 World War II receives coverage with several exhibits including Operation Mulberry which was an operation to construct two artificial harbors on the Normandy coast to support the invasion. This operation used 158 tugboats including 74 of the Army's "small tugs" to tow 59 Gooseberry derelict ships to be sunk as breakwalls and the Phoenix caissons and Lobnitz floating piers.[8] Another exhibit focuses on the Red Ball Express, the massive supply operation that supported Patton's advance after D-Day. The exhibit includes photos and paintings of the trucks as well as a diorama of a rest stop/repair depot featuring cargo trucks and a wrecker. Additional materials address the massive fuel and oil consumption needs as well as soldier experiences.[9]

---

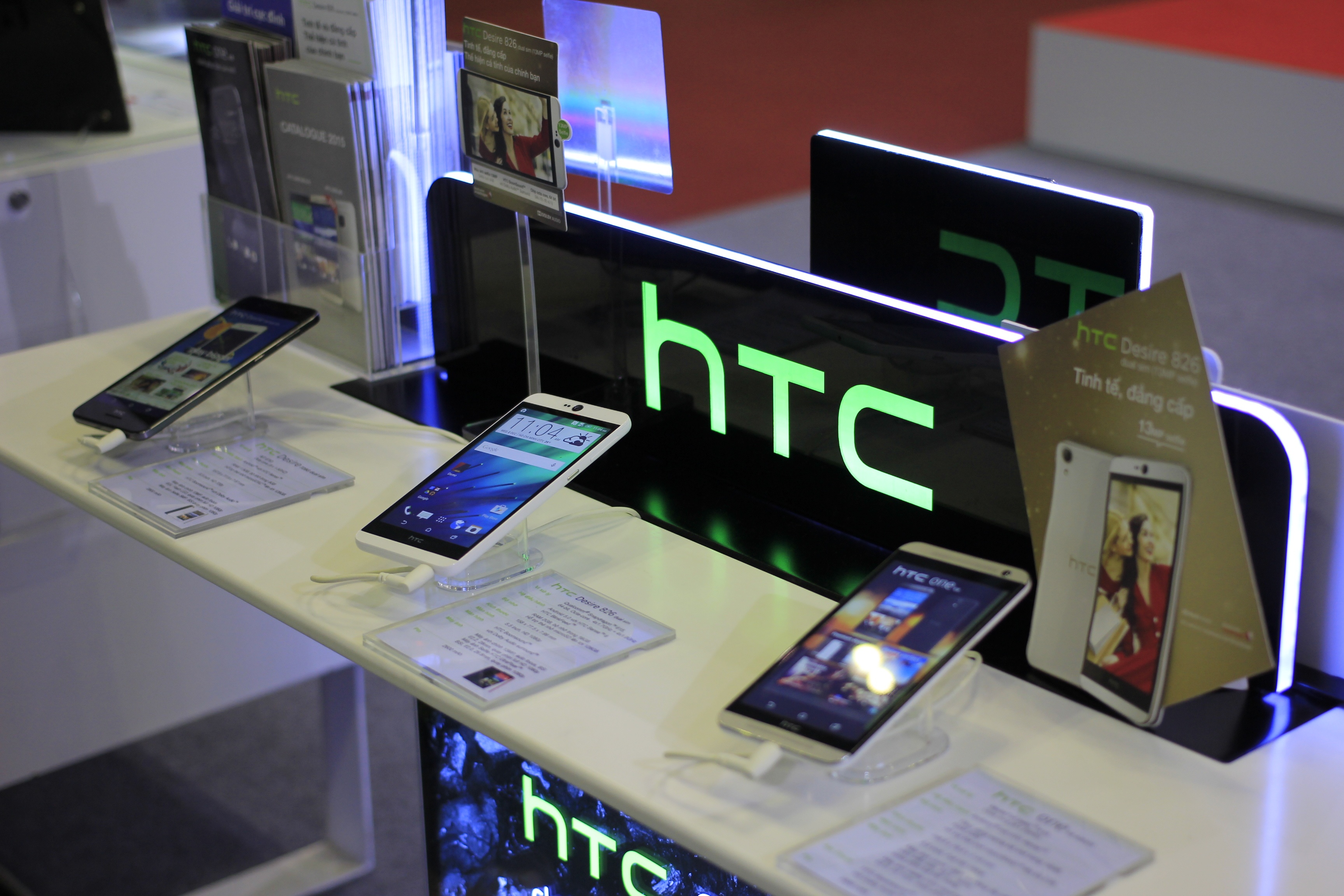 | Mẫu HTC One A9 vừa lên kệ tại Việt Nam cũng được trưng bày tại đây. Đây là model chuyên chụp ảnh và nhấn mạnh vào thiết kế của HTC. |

---

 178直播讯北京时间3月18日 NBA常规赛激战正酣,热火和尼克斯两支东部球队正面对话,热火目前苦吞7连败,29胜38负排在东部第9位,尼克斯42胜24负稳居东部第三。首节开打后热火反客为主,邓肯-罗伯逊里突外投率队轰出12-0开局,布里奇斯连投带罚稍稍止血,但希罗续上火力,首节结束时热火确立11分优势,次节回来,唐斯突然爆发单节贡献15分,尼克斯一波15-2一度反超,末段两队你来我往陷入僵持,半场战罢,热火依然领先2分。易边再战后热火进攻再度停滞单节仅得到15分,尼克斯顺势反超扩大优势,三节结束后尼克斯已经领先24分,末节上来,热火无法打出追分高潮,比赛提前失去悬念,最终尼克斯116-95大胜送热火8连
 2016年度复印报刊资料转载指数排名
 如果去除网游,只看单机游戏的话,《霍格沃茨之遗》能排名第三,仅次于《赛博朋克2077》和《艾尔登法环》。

- _Goal of the exercise_
All lines above from the one holding "2016年度复印报刊资料转载指数排名" to the one holding "如果去除网游,只看单机游戏的", inclusive, are to be copied exactly; no other line is wanted.

- _Solution below_
 2016年度复印报刊资料转载指数排名
 如果去除网游,只看单机游戏的话,《霍格沃茨之遗》能排名第三,仅次于《赛博朋克2077》和《艾尔登法环》。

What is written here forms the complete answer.